Supplied information: Begin

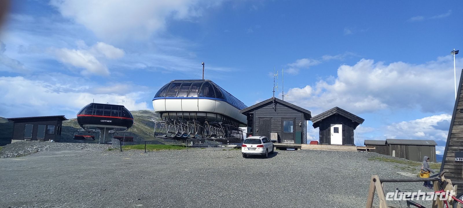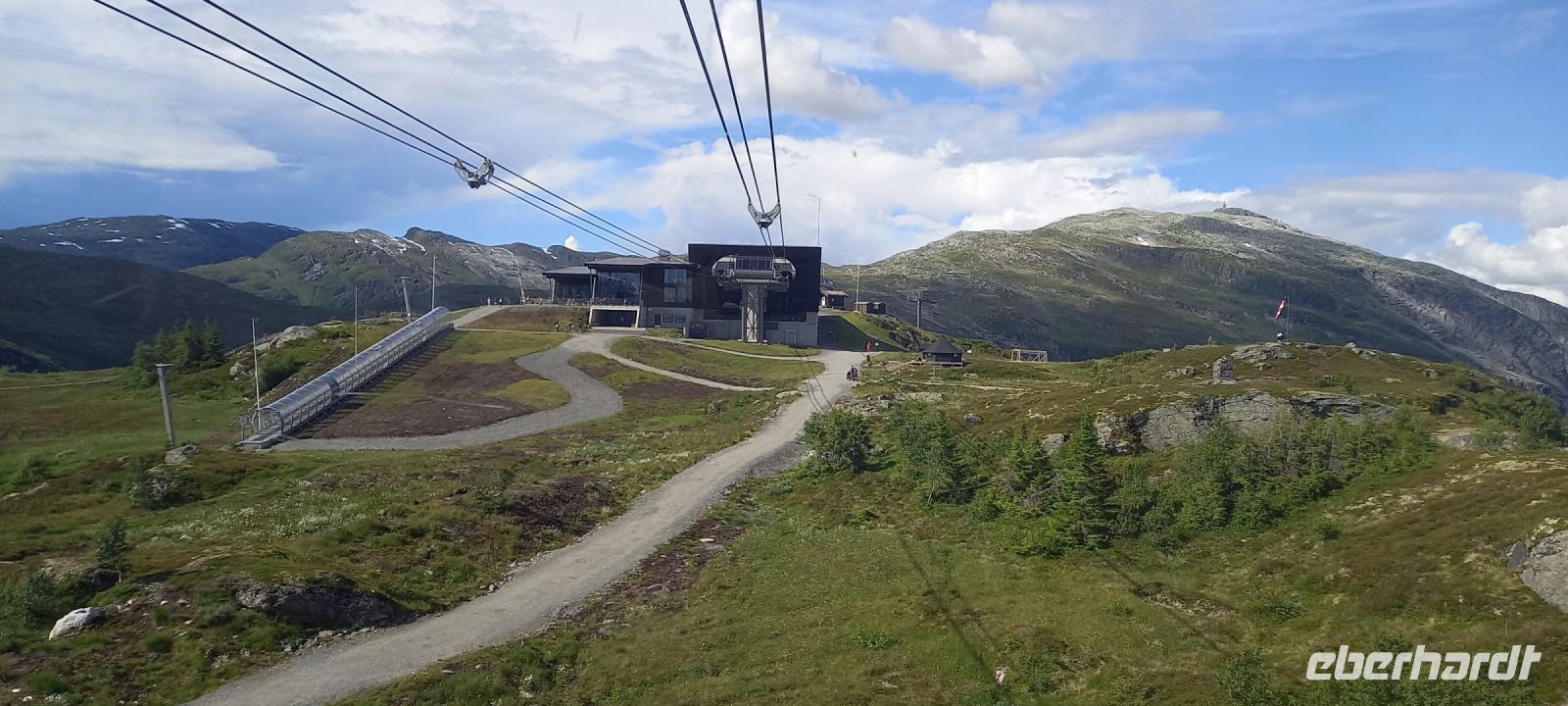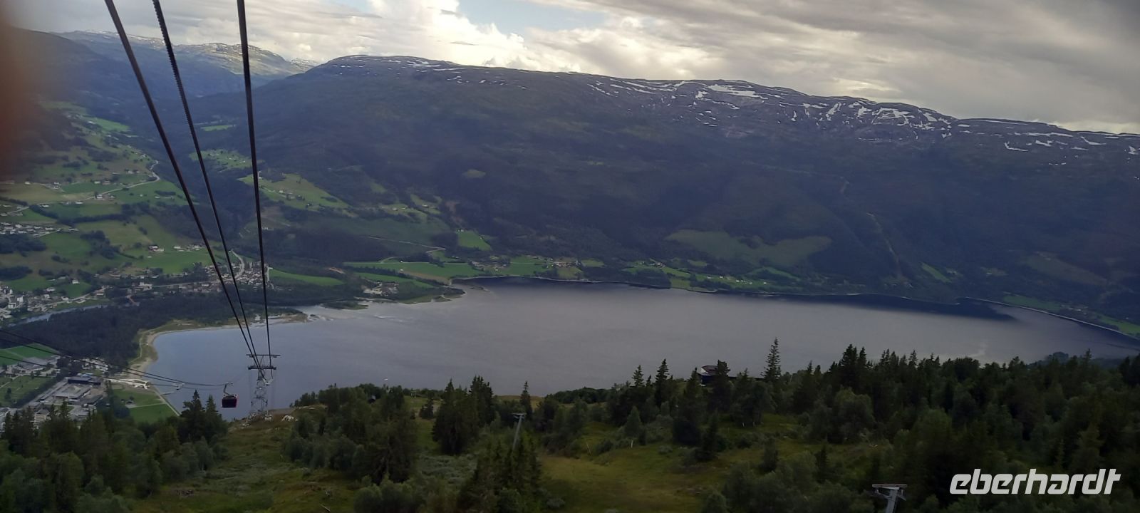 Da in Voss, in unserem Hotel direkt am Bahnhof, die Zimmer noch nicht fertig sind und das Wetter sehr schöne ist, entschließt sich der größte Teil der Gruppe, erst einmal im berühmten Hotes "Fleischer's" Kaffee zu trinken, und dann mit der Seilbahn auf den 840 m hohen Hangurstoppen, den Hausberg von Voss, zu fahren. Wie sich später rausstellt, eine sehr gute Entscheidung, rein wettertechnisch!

Supplied information: End
Supplied information: Begin

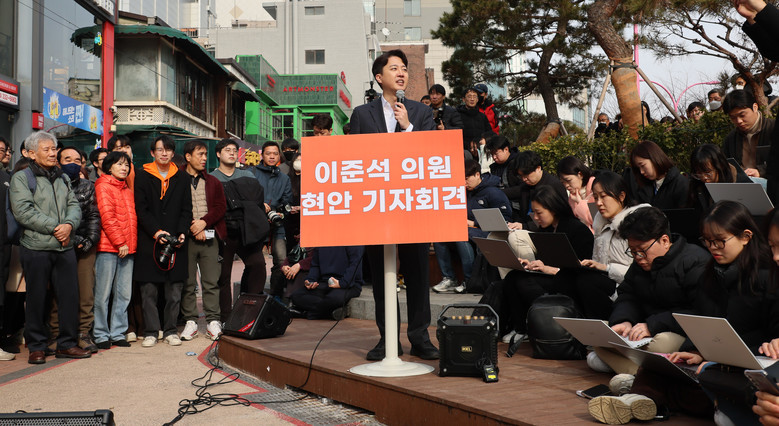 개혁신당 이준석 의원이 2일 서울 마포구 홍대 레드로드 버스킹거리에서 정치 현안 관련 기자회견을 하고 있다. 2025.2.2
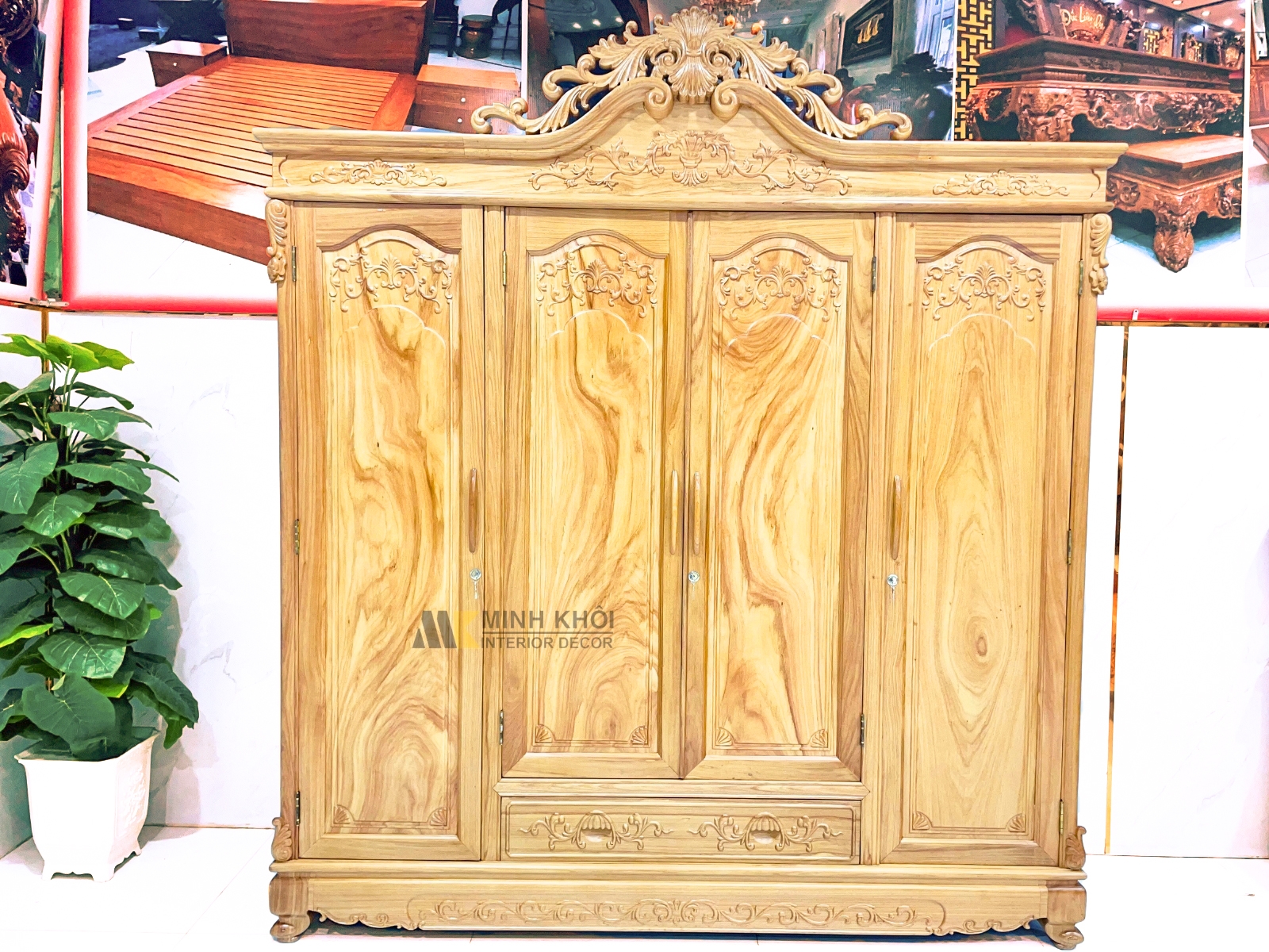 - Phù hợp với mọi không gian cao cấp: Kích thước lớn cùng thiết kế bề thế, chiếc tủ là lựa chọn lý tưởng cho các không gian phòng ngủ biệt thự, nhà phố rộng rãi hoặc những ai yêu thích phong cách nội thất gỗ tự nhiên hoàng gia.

Supplied information: End

#### Task brief
From the data above, return only the lines starting at the line that holds "개혁신당 이준석 의원이" and ending at the line that holds "- Phù hợp với", word for word and without pictures.

#### Completed task
 개혁신당 이준석 의원이 2일 서울 마포구 홍대 레드로드 버스킹거리에서 정치 현안 관련 기자회견을 하고 있다. 2025.2.2
 - Phù hợp với mọi không gian cao cấp: Kích thước lớn cùng thiết kế bề thế, chiếc tủ là lựa chọn lý tưởng cho các không gian phòng ngủ biệt thự, nhà phố rộng rãi hoặc những ai yêu thích phong cách nội thất gỗ tự nhiên hoàng gia.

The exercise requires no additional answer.